What the exercise asks
Take the entries below and reproduce exactly the portion that begins at the line containing "আনোয়ারায় বঙ্গবন্ধু শেখ" and ends at the line containing "12月15日,由江苏省管理学", keeping both ends, dropping pictures, and adding nothing else.

Records for this task
....
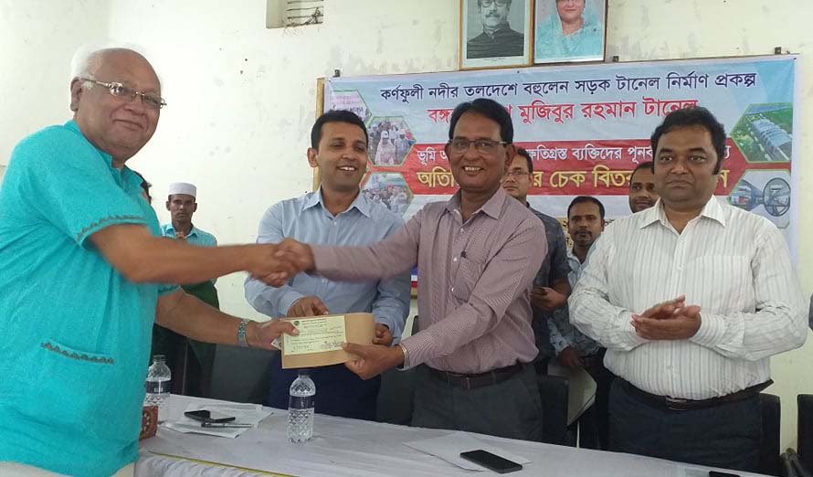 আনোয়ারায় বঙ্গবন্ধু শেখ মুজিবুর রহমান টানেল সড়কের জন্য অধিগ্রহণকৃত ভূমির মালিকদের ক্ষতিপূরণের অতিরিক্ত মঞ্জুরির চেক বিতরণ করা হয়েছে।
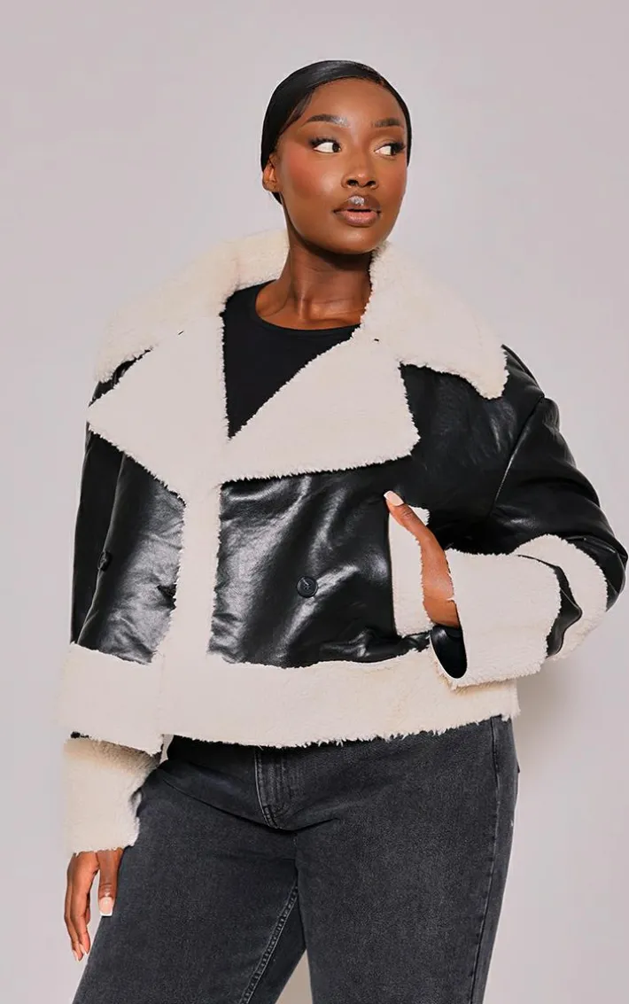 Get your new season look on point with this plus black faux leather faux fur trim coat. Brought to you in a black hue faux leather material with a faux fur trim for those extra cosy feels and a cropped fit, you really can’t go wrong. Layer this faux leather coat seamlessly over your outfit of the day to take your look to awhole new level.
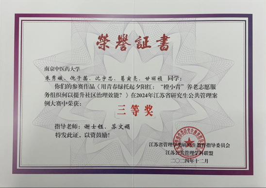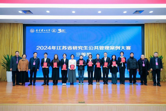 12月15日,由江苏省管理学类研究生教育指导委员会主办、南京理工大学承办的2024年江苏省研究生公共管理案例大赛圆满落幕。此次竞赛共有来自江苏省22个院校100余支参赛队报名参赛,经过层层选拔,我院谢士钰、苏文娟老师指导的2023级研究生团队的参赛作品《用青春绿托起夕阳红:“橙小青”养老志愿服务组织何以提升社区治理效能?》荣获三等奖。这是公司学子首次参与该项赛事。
....
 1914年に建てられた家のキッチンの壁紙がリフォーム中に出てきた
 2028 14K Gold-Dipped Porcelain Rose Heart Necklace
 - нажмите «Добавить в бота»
....
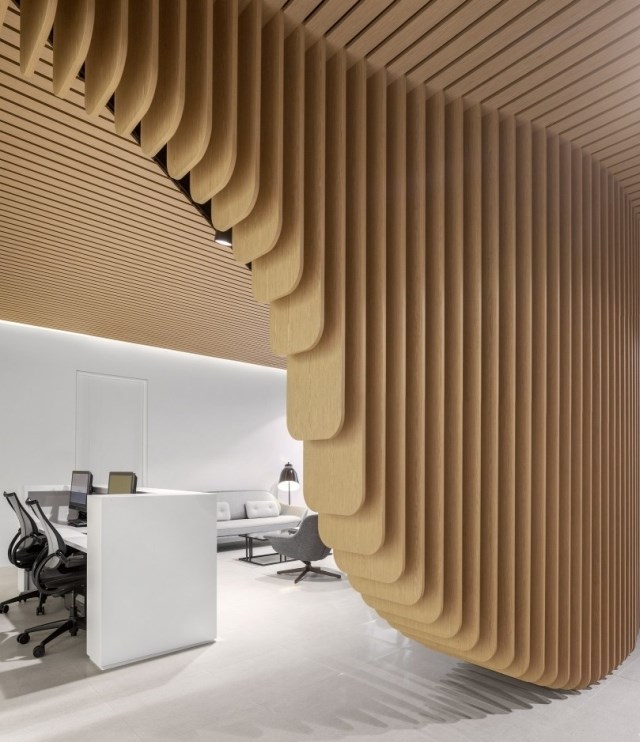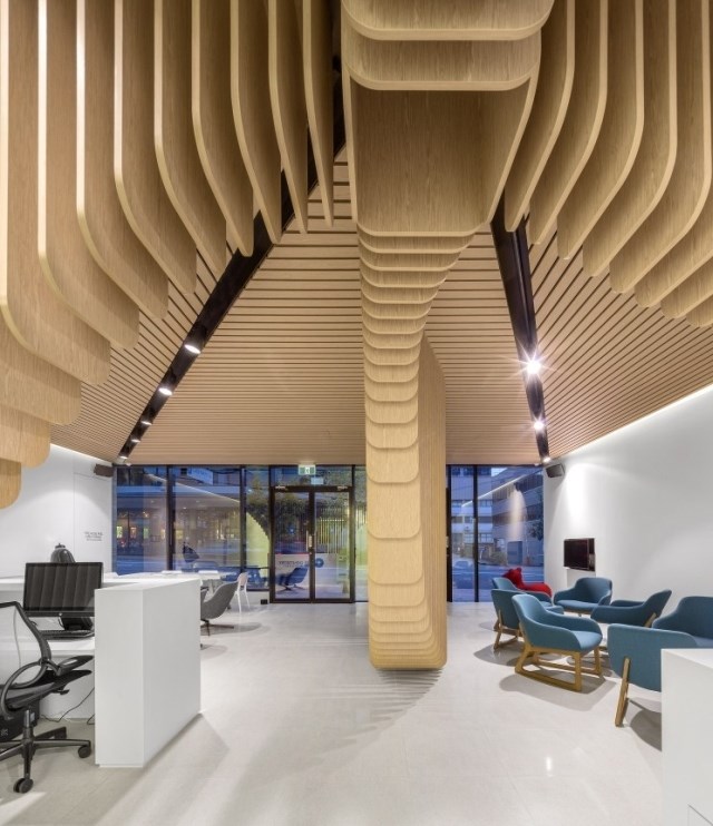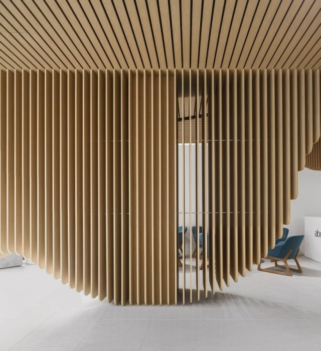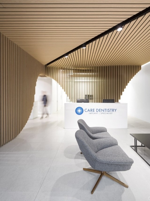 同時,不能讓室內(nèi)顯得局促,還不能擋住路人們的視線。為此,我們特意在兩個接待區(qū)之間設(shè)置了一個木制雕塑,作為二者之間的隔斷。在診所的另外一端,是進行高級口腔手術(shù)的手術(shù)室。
....
Exercise solution
 আনোয়ারায় বঙ্গবন্ধু শেখ মুজিবুর রহমান টানেল সড়কের জন্য অধিগ্রহণকৃত ভূমির মালিকদের ক্ষতিপূরণের অতিরিক্ত মঞ্জুরির চেক বিতরণ করা হয়েছে।
 Get your new season look on point with this plus black faux leather faux fur trim coat. Brought to you in a black hue faux leather material with a faux fur trim for those extra cosy feels and a cropped fit, you really can’t go wrong. Layer this faux leather coat seamlessly over your outfit of the day to take your look to awhole new level.
 12月15日,由江苏省管理学类研究生教育指导委员会主办、南京理工大学承办的2024年江苏省研究生公共管理案例大赛圆满落幕。此次竞赛共有来自江苏省22个院校100余支参赛队报名参赛,经过层层选拔,我院谢士钰、苏文娟老师指导的2023级研究生团队的参赛作品《用青春绿托起夕阳红:“橙小青”养老志愿服务组织何以提升社区治理效能?》荣获三等奖。这是公司学子首次参与该项赛事。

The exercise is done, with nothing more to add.